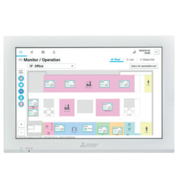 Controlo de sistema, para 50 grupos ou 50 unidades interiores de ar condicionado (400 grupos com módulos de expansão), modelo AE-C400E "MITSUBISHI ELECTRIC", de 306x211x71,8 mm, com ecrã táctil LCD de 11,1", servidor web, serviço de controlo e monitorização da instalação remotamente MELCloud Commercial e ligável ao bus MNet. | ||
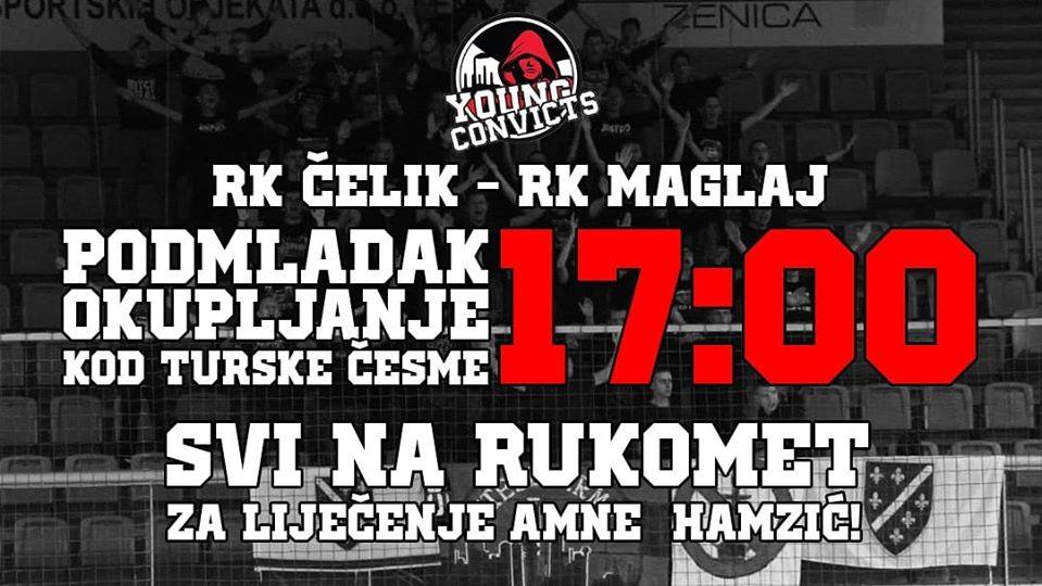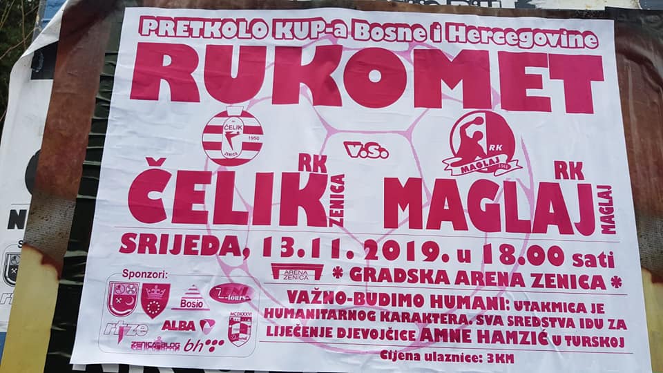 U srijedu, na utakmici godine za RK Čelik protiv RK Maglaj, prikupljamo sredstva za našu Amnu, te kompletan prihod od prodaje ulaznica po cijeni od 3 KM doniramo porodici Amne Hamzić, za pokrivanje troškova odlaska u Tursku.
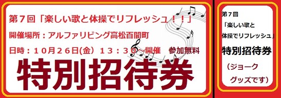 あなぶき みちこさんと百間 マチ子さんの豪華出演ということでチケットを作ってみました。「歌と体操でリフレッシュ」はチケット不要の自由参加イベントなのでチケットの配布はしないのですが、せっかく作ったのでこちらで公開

Task directions.
Pictures aside, the material must be written out word for word.

Task result.
 Controlo de sistema, para 50 grupos ou 50 unidades interiores de ar condicionado (400 grupos com módulos de expansão), modelo AE-C400E "MITSUBISHI ELECTRIC", de 306x211x71,8 mm, com ecrã táctil LCD de 11,1", servidor web, serviço de controlo e monitorização da instalação remotamente MELCloud Commercial e ligável ao bus MNet. | ||
 U srijedu, na utakmici godine za RK Čelik protiv RK Maglaj, prikupljamo sredstva za našu Amnu, te kompletan prihod od prodaje ulaznica po cijeni od 3 KM doniramo porodici Amne Hamzić, za pokrivanje troškova odlaska u Tursku.
 あなぶき みちこさんと百間 マチ子さんの豪華出演ということでチケットを作ってみました。「歌と体操でリフレッシュ」はチケット不要の自由参加イベントなのでチケットの配布はしないのですが、せっかく作ったのでこちらで公開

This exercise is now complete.